Reactive synthesis is an automated procedure to obtain a correct-by-construction reactive system from its temporal logic specification. Two of the main challenges in bringing reactive synthesis to practice are its very high worst-case complexity and the difficulty of writing declarative specifications using basic LTL operators. To address the first challenge, researchers have suggested the GR(1) fragment of LTL, which has an efficient polynomial time symbolic synthesis algorithm. To address the second challenge, specification languages include higher-level constructs that aim at allowing engineers to write succinct and readable specifications. One such construct is the triggers operator, as supported, e.g., in the Property Specification Language (PSL).
In this work we introduce triggers into specifications for reactive synthesis. The effectiveness of our contribution relies on a novel encoding of regular expressions using symbolic finite automata (SFA) and on a novel semantics for triggers that, in contrast to PSL triggers, admits an efficient translation into GR(1). We show that our triggers are expressive and succinct, and prove that our encoding is optimal.
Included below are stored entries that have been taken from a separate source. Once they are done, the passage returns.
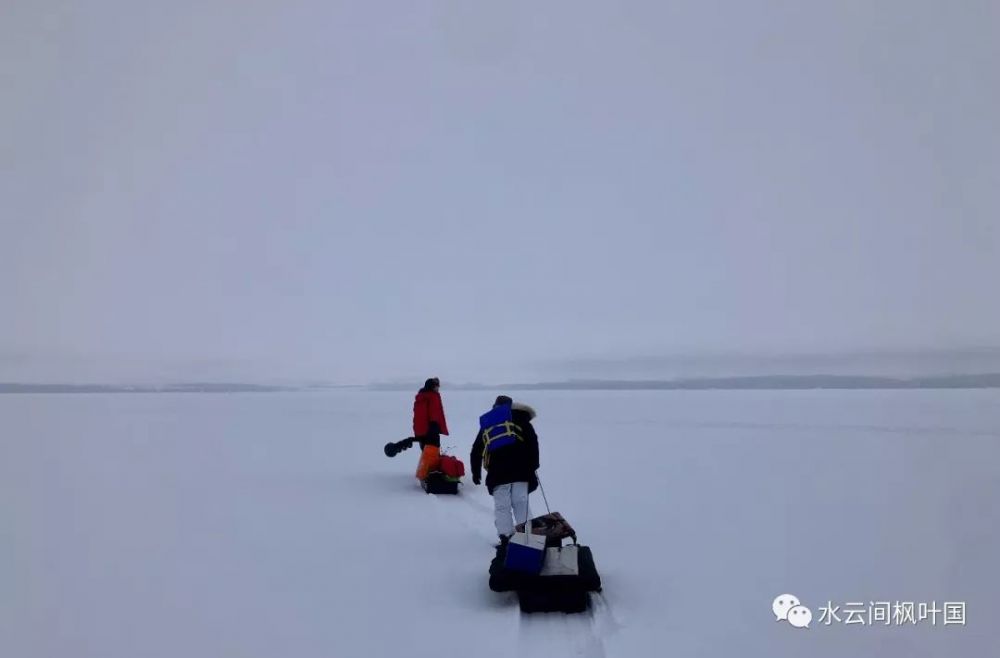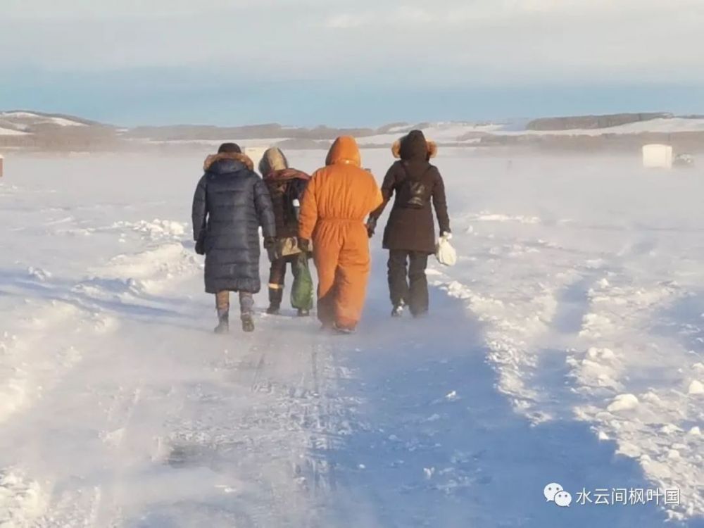 湖上冰厚4寸的时候,人就可以徒步上冰了。拉着装有工具的雪橇,放眼茫茫雪原,你会深深感受到大自然的伟大包容与人类的渺小。
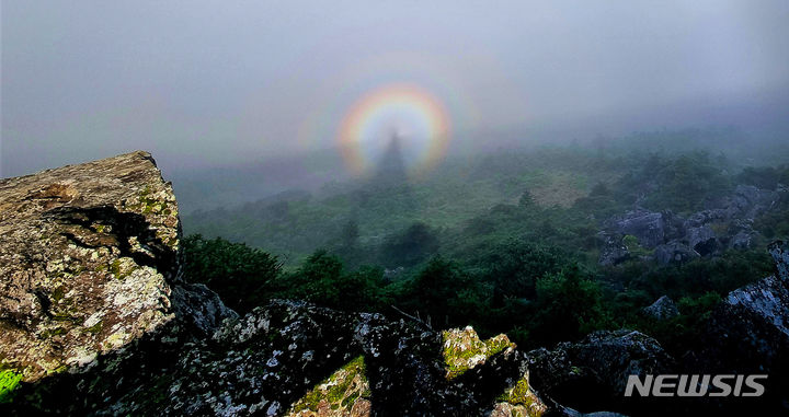 [제주=뉴시스] 우장호 기자 = 3일 오전 한라산 백록담 정상 부근에서 고리형 무지개에 사람 그림자가 보이는 브로켄(Brocken) 현상이 나타나 시선을 끌고 있다. 브로켄은 태양을 등지고 섰을 때 사람이나 사물의 그림자 주변에 무지개 띠 같은 형상이 나타나는 대기광학 현상이다. 독일의 브로켄 산에서 처음 발견돼 이름이 붙여졌다. 과거에는 요괴나 귀신으로 착각했으나 최근에는 행운의 상징으로 여긴다. (사진=김경미씨 제공) 2023.08.03. [email protected]
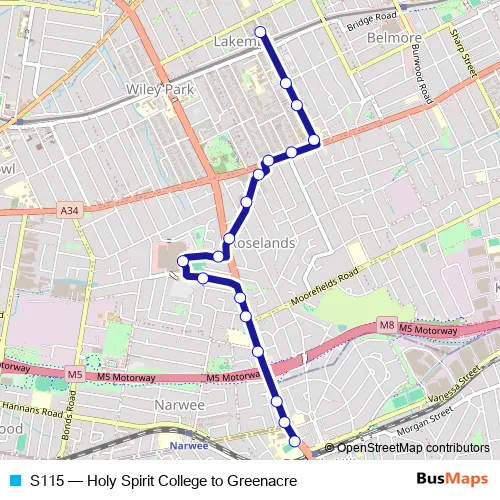 Click here to view the nearest S115 - Holy Spirit College to Greenacre bus stop.
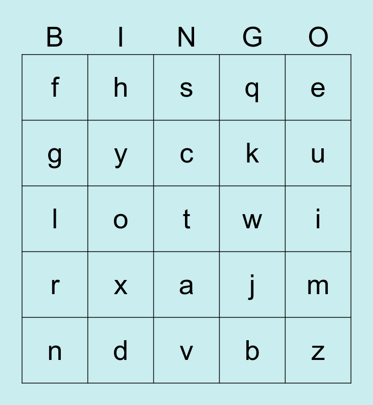 This bingo card has 26 words: a, b, c, d, e, f, g, h, i, j, k, l, m, n, o, p, q, r, s, t, u, v, w, x, y and z.

We have implemented our ideas on top of the Spectra language and synthesizer. We demonstrate the usefulness and effectiveness of using triggers in specifications for synthesis, as well as the challenges involved in using them, via a study of more than 300 triggers written by undergraduate students who participated in a project class on writing specifications for synthesis.
To the best of our knowledge, our work is the first to introduce triggers into specifications for reactive synthesis.